* [EXERCISE REQUIREMENTS] Work through the records that follow and return each line containing the word "with".

(Extracted data entries)
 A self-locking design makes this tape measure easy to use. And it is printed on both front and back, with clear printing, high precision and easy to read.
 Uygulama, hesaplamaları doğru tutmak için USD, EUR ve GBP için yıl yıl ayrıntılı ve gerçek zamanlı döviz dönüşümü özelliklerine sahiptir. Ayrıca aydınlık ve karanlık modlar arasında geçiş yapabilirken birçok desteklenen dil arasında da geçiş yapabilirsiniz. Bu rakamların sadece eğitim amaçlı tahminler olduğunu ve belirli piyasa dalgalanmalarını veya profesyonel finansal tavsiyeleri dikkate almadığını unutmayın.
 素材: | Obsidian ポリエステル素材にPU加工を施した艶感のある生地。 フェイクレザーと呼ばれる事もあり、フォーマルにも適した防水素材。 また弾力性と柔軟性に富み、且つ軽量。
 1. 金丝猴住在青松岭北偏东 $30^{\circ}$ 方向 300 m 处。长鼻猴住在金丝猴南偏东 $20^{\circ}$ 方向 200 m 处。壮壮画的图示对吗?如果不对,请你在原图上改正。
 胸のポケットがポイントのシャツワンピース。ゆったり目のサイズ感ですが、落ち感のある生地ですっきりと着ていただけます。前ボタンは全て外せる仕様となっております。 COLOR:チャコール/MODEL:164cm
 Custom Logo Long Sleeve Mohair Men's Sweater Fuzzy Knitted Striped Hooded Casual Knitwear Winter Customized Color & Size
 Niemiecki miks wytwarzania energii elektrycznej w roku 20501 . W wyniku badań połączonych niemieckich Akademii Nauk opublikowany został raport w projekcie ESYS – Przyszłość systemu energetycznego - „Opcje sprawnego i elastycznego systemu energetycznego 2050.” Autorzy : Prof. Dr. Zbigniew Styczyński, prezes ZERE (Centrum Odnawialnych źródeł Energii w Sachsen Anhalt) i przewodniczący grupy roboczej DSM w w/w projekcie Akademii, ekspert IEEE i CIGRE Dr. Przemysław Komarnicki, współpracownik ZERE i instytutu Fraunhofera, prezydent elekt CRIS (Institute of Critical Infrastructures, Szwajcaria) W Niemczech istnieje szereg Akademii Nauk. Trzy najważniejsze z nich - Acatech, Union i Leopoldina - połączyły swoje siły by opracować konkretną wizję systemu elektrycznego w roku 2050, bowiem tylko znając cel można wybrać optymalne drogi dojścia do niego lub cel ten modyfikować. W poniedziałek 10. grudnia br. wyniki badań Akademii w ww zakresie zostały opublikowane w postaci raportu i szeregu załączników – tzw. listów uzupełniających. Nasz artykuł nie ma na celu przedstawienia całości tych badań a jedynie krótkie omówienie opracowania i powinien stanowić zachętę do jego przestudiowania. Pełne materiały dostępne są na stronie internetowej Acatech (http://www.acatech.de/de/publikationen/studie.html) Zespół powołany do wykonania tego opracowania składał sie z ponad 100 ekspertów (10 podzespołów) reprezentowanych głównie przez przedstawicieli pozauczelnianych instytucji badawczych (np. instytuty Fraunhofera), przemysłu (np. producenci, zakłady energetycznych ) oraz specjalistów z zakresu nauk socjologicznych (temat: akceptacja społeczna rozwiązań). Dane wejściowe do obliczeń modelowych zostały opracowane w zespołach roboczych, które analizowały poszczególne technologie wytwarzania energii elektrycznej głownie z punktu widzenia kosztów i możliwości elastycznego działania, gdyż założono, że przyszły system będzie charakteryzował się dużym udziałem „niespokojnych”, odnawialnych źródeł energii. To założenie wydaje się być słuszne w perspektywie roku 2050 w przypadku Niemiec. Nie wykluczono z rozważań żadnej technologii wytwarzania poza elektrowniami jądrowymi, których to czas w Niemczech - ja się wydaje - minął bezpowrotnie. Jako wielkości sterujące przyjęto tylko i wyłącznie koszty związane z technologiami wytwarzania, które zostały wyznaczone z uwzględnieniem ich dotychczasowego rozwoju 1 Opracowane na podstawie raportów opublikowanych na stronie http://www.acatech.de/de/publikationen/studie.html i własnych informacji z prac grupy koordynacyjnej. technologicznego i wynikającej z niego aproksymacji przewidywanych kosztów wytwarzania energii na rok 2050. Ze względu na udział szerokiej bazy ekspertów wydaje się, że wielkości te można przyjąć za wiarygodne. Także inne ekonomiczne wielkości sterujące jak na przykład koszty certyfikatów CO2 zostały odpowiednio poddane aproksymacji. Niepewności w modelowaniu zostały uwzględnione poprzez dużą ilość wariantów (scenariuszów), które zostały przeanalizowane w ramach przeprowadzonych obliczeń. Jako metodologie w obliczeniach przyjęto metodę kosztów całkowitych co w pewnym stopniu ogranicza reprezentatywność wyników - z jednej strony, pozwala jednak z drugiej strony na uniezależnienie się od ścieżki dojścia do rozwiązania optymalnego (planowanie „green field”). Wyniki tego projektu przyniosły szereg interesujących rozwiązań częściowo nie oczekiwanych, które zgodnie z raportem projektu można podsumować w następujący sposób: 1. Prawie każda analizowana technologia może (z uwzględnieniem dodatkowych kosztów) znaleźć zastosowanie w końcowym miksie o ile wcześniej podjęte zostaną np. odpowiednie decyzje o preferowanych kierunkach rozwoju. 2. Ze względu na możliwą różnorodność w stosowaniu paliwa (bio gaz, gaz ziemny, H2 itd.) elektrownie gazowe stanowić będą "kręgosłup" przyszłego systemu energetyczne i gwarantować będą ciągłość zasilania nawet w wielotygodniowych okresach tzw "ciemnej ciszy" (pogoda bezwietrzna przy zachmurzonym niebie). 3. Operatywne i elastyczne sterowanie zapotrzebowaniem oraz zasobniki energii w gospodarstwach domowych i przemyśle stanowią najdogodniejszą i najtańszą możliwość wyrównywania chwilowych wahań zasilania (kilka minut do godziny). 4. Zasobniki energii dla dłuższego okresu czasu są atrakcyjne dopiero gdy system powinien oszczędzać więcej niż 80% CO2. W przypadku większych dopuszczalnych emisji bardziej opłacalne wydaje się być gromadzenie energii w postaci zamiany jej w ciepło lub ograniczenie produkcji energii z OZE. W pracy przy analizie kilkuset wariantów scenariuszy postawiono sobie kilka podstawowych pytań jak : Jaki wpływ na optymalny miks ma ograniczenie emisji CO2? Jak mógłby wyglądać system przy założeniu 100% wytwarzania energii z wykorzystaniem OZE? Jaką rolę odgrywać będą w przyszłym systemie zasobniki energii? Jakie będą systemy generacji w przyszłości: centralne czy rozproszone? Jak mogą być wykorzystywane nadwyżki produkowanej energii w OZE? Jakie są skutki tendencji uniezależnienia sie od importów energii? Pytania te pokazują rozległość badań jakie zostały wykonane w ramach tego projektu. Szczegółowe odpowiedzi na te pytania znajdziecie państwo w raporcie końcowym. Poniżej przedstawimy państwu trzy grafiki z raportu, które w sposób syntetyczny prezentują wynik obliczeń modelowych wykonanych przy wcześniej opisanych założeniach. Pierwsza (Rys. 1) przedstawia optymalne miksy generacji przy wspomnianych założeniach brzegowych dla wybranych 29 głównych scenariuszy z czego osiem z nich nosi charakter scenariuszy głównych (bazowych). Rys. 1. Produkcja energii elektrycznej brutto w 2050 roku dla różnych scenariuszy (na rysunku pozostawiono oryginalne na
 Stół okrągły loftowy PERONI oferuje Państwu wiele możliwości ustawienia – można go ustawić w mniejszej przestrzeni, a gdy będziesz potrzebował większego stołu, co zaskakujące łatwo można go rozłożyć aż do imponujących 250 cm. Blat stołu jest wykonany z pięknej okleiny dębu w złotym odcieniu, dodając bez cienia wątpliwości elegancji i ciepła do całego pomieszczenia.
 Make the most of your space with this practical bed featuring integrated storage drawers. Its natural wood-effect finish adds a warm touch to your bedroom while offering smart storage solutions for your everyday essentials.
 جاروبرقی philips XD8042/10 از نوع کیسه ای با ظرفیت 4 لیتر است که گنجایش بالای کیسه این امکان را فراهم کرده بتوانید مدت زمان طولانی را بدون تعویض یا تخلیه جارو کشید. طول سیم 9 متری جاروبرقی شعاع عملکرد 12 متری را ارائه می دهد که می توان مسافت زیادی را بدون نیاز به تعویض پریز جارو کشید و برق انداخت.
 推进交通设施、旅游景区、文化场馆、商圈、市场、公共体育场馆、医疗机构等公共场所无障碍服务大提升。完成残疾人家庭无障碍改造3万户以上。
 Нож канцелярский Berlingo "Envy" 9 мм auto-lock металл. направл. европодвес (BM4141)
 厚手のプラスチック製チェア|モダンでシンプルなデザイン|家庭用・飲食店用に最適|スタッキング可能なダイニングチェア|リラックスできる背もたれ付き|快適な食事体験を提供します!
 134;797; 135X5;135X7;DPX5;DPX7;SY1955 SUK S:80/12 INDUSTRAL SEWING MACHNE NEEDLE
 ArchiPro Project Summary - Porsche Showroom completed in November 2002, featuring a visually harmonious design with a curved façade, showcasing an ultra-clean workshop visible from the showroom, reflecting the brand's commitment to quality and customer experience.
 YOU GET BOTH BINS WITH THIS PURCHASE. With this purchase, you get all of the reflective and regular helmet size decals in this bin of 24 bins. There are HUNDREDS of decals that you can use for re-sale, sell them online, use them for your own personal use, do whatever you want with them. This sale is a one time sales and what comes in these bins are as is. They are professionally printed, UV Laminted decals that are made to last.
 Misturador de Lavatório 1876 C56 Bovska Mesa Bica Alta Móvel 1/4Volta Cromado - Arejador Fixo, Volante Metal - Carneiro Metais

* [WRITTEN ANSWER]
 A self-locking design makes this tape measure easy to use. And it is printed on both front and back, with clear printing, high precision and easy to read.
 Make the most of your space with this practical bed featuring integrated storage drawers. Its natural wood-effect finish adds a warm touch to your bedroom while offering smart storage solutions for your everyday essentials.
 ArchiPro Project Summary - Porsche Showroom completed in November 2002, featuring a visually harmonious design with a curved façade, showcasing an ultra-clean workshop visible from the showroom, reflecting the brand's commitment to quality and customer experience.
 YOU GET BOTH BINS WITH THIS PURCHASE. With this purchase, you get all of the reflective and regular helmet size decals in this bin of 24 bins. There are HUNDREDS of decals that you can use for re-sale, sell them online, use them for your own personal use, do whatever you want with them. This sale is a one time sales and what comes in these bins are as is. They are professionally printed, UV Laminted decals that are made to last.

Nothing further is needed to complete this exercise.